_WHAT IS EXPECTED_. Only one stretch of the data below is needed. Output the lines from the one with "이날 민중민주당은 견찰청앞" up to and including the one with "де І – інтенсивність", exactly as they stand.

_RECORDS FOR PROCESSING_.
■ ■ ■ ■

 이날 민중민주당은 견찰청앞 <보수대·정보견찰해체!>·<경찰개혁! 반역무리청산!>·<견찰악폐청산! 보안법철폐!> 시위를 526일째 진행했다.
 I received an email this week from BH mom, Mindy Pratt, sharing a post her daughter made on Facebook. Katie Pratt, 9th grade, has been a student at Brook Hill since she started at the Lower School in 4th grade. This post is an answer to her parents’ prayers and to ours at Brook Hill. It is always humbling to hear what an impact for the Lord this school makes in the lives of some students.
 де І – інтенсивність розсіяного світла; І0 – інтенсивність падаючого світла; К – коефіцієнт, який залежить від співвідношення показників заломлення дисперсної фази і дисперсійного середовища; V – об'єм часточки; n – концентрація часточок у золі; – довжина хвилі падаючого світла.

■ ■ ■ ■

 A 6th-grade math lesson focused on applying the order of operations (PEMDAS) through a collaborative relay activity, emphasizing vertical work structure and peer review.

■ ■ ■ ■

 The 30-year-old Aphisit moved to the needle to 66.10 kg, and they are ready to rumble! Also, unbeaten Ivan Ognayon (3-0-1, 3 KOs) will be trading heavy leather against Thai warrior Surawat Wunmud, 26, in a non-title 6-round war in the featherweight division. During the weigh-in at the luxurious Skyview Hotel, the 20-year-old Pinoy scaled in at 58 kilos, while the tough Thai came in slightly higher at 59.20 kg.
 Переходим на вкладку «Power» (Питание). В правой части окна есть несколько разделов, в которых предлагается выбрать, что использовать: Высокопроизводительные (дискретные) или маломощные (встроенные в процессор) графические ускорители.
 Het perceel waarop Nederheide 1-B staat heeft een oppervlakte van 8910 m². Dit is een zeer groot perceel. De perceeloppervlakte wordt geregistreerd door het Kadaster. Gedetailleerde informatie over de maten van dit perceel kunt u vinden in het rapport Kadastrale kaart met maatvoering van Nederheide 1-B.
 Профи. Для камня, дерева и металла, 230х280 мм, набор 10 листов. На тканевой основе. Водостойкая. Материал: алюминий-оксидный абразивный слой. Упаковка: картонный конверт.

■ ■ ■ ■

_RESPONSE TO THIS EXERCISE_.
 이날 민중민주당은 견찰청앞 <보수대·정보견찰해체!>·<경찰개혁! 반역무리청산!>·<견찰악폐청산! 보안법철폐!> 시위를 526일째 진행했다.
 I received an email this week from BH mom, Mindy Pratt, sharing a post her daughter made on Facebook. Katie Pratt, 9th grade, has been a student at Brook Hill since she started at the Lower School in 4th grade. This post is an answer to her parents’ prayers and to ours at Brook Hill. It is always humbling to hear what an impact for the Lord this school makes in the lives of some students.
 де І – інтенсивність розсіяного світла; І0 – інтенсивність падаючого світла; К – коефіцієнт, який залежить від співвідношення показників заломлення дисперсної фази і дисперсійного середовища; V – об'єм часточки; n – концентрація часточок у золі; – довжина хвилі падаючого світла.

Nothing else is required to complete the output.